Знаком этой ушедшей молодости была Волга, быстрая, худенькая, в
пестрых крутых берегах, в зелени леса, в голубых и красных цветных
узорах...
Сколько их, лейтенантов, сержантов да и просто ребят без звания ходят
по военной дороге. Курят они положенное им число папирос, стучат белой
ложкой в жестяной миске, играют в вагоне в подкидного, в городе лакомятся
мороженым на палочке, пьют, кашляя, свою малую долю стограммовых стопок,
пишут положенное число писем, кричат в полевой телефон, стреляют, кто из
мелкокалиберной пушчонки, кто бахнет из главного калибра, кто нажмет в
танке-тридцатьчетверке на акселератор, крикнет что-нибудь такое...

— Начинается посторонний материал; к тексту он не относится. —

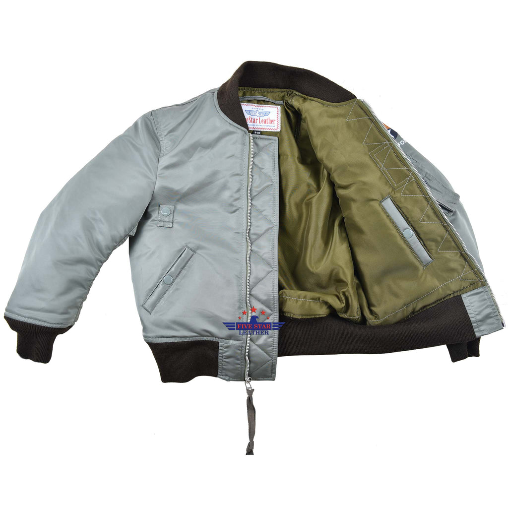 FiveStar Leather MA-1 Kids Flight Jacket Sage Green Nylon
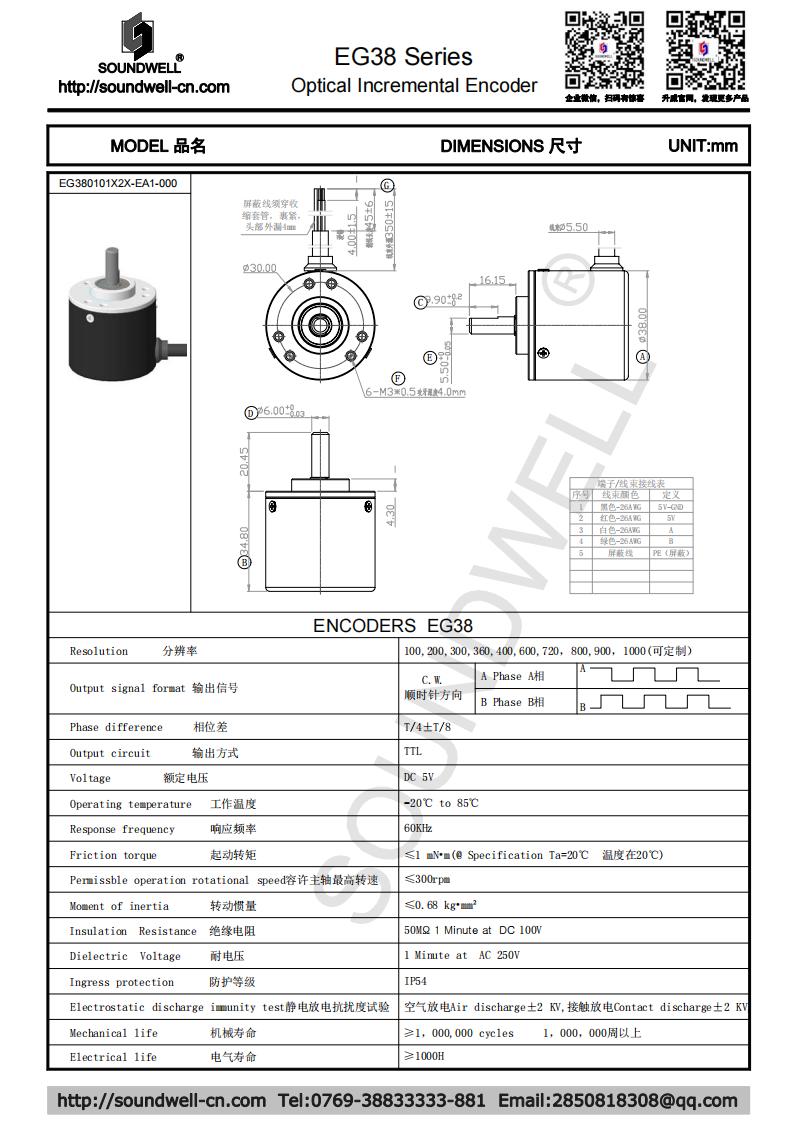 | 主要規(guī)格 | 外形尺寸:38 mm 編碼器定位數(shù):無極旋轉(zhuǎn) 編碼器輸出分辨率:100P、200 P、300 P、360 P、400 P、600 P、720 P、800 P、900 P、1000 P等,具體可定制 工作溫度:-20℃~85℃ 輸入電壓:5V; 防護(hù)等級:IP54 反接保護(hù) 輸出信號:A+、B+ ![]() 絕緣電阻:50M? 1 Minute at DC 100V 耐電壓:1 Minute at AC 250V 旋轉(zhuǎn)壽命:1,000,000次以上 電氣壽命:1000小時以上 |
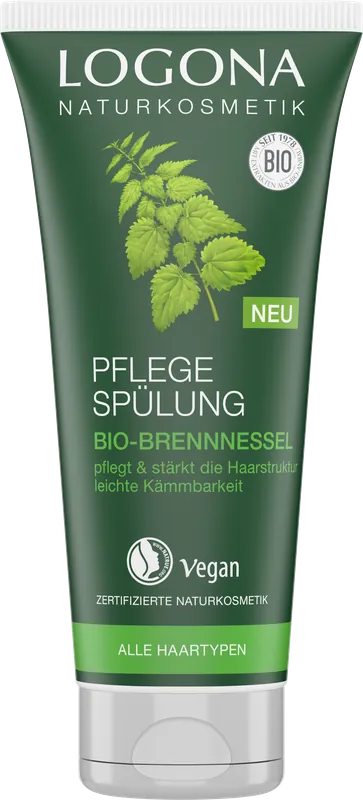 Die LOGONA Pflege Spülung mit der milden Pflege-Formel natürlichen Ursprungs mit Bio-Brennnessel stärkt die Haarstruktur und schenkt gesunden Glanz.
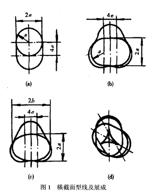 定子截形的形成如圖I(d)圳所示。如前述卡丹諾圓運動,滾動半徑為1.5 e,以e為半徑的圓上一點運動軌跡謂之骨線(圖2的三棱狀內擺線K)。轉子運動時,其對稱軸線4 9問線段與骨線共軛,運動過程中轉子外廓的展成線即為定子型線。雖運動軌跡相同,由于轉子截形不同,所展成的定子型線差異甚大,B型為三瓣花形C型為類三角形。其節距丁=1.5 t,三頭。轉子頭數與定子頭數之比為23。
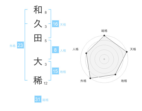 和久田 大稀さんを姓名の画数から五運を鑑定

Земля под сапогом скрипела и пружинила, как старый матрац, - это лежали
листья, сверху легкие, хрупкие, отличные один от другого и в смерти, а под
ними засохшие уж годы назад, соединенные в одну хрусткую слитную
коричневую массу - пепел от той жизни, что взрывала почки, шумела в грозу,
блестела на солнце после дождей. Истлевший, почти невесомый хворост
крошился под ногами. Тихий свет доходил до лесной земли, рассеянный
лиственным абажуром. Воздух в лесу был застывший, густой, - это особенно
ощущал привыкший к воздушным вихрям летчик-истребитель. Нагретое, потное
дерево пахло сырой свежестью древесины. Но запах умерших деревьев и
хвороста забивал запах живого леса. Там, где стояли ели, в октаву
врезалась высокая скипидарная нота. Осина пахла приторно сладко, горько
дышала ольха. Лес жил отдельно от остального мира, и Викторову казалось,
что он входит в дом, где все не так, как на улице: и запахи, и свет через
спущенные занавески, и звуки по-иному раздавались в этих стенах, и пока не
выйдешь из леса, все чувствуешь себя не по-обычному, как на малознакомых
людях. Словно со дна, сквозь высокий, толстый слой лесного воздуха
смотришь наверх, плещут листья, и кажется, что трескучая паутина,
цепляющаяся за зеленую звездочку на пилотке, - это водоросли, взвешенные
между поверхностью и дном водоема. Кажется, что быстрые толстоголовые
мухи, и вялая мошкара, и тетерев, по-куриному продирающийся между ветвей,
шевелят плавниками и никогда им не подняться над лесом, как не подняться
рыбе выше поверхности воды; а если сорока вспорхнет над вершиной осины, то
тотчас вновь нырнет меж ветвей, - рыба блеснула на мгновение белым боком
на солнце и вновь плюхнулась в воду. И каким странным кажется мох в каплях
росы, синих, зеленых, гаснущих в сумраке лесного дна.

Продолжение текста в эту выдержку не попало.